- **What this task involves**: Retype exactly the lines from the one containing "Set di due berretti" through the last line of the records below, including both, and leave out any pictures.

- **Task material**:
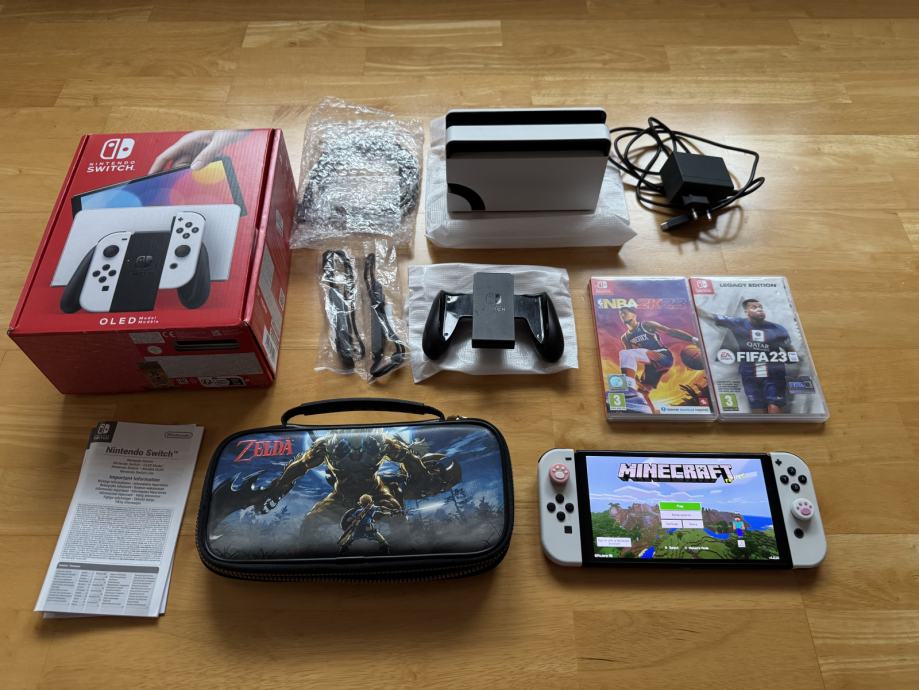 Nintendo Switch OLED (White) + Zelda Case + 3 igre
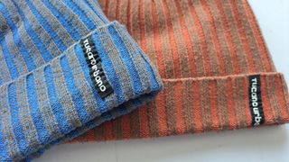 Set di due berretti Tucano Urbano in pile, molto caldi, felpati all'interno, taglia unica, il blu è nuovo - Un berretto blu con righe grigie. - Un berretto arancione con righe grigie. - Logo Tucano Urbano su entrambi i berretti.
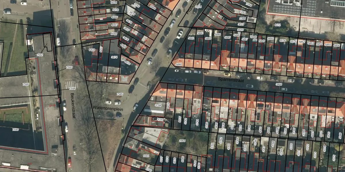 Het perceel waarop Sparrenstraat 50 staat heeft een oppervlakte van 107 m². Dit is een middelgroot perceel. De perceeloppervlakte wordt geregistreerd door het Kadaster. Gedetailleerde informatie over de maten van dit perceel kunt u vinden in het rapport Kadastrale kaart met maatvoering van Sparrenstraat 50.
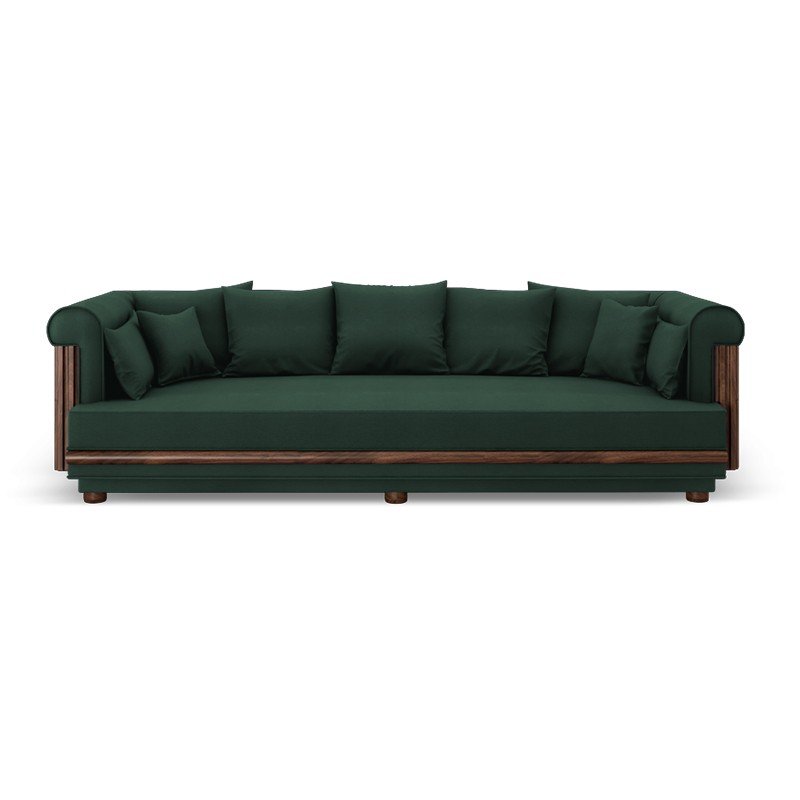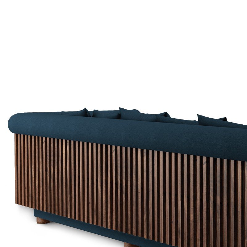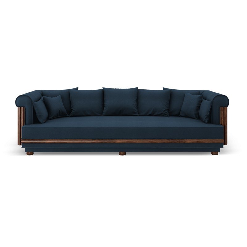 The Oxford Sofa combines contemporary comfort with classic craftsmanship. Featuring deep navy upholstery and elegant wooden panel detailing, it offers a bold yet refined aesthetic. The plush cushions and spacious seating ensure a luxurious lounging experience, making it a perfect centrepiece for modern or transitional interiors.
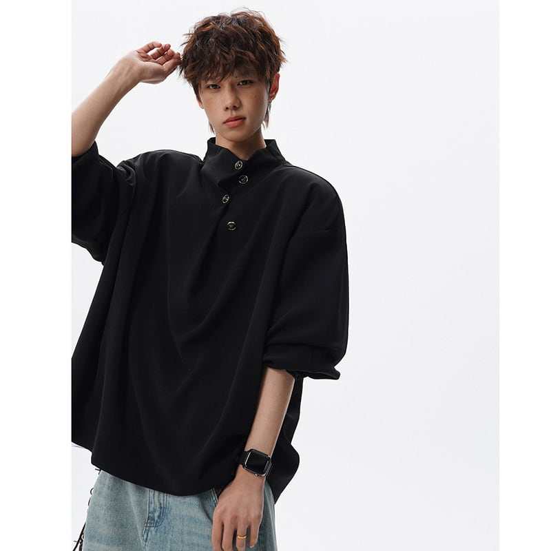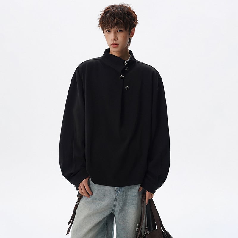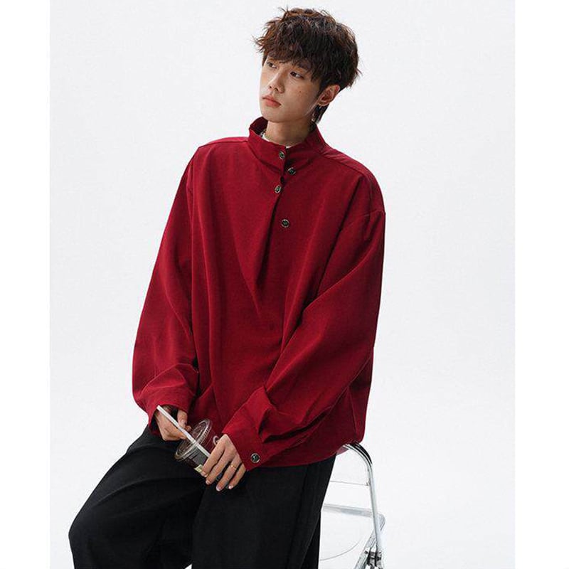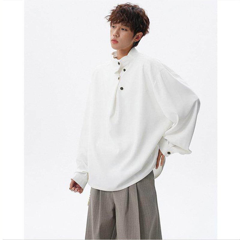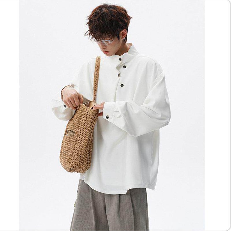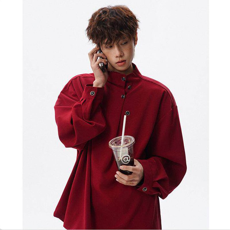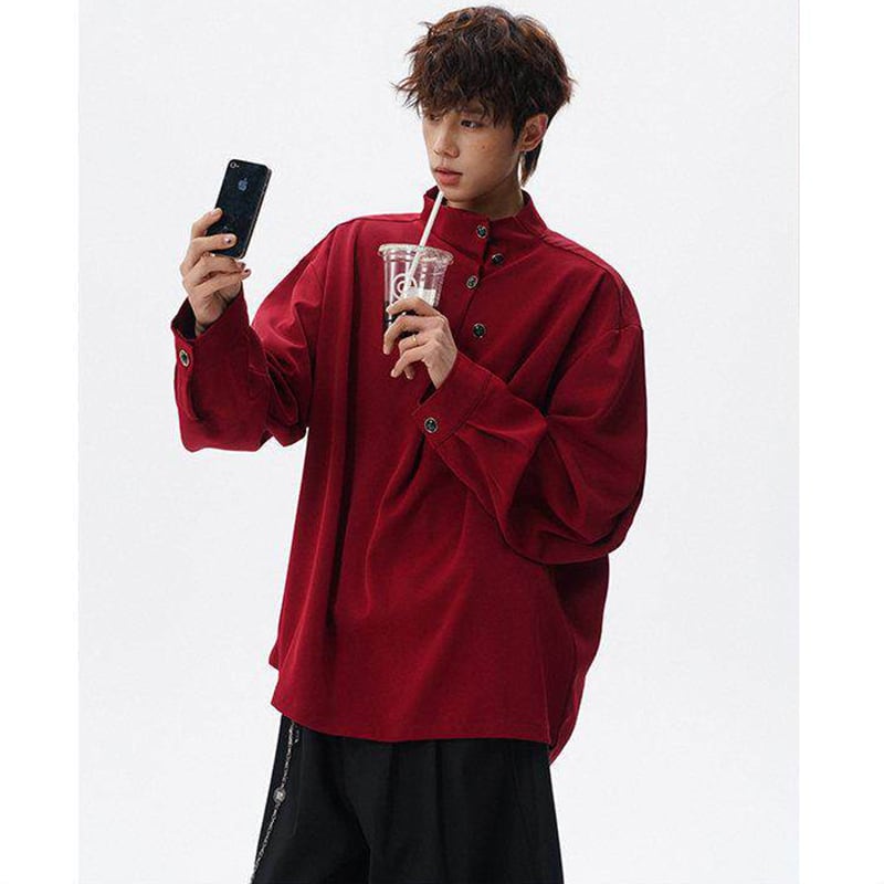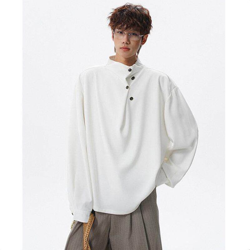 ♥不規則ボタンシャツ!【CEXUシリーズ】★チャイナ風トップス★ ユニセックス 3color シャツ 長袖シャツ 大きいサイズ

- **Completed exercise**:
 Set di due berretti Tucano Urbano in pile, molto caldi, felpati all'interno, taglia unica, il blu è nuovo - Un berretto blu con righe grigie. - Un berretto arancione con righe grigie. - Logo Tucano Urbano su entrambi i berretti.
 Het perceel waarop Sparrenstraat 50 staat heeft een oppervlakte van 107 m². Dit is een middelgroot perceel. De perceeloppervlakte wordt geregistreerd door het Kadaster. Gedetailleerde informatie over de maten van dit perceel kunt u vinden in het rapport Kadastrale kaart met maatvoering van Sparrenstraat 50.
 The Oxford Sofa combines contemporary comfort with classic craftsmanship. Featuring deep navy upholstery and elegant wooden panel detailing, it offers a bold yet refined aesthetic. The plush cushions and spacious seating ensure a luxurious lounging experience, making it a perfect centrepiece for modern or transitional interiors.
 ♥不規則ボタンシャツ!【CEXUシリーズ】★チャイナ風トップス★ ユニセックス 3color シャツ 長袖シャツ 大きいサイズ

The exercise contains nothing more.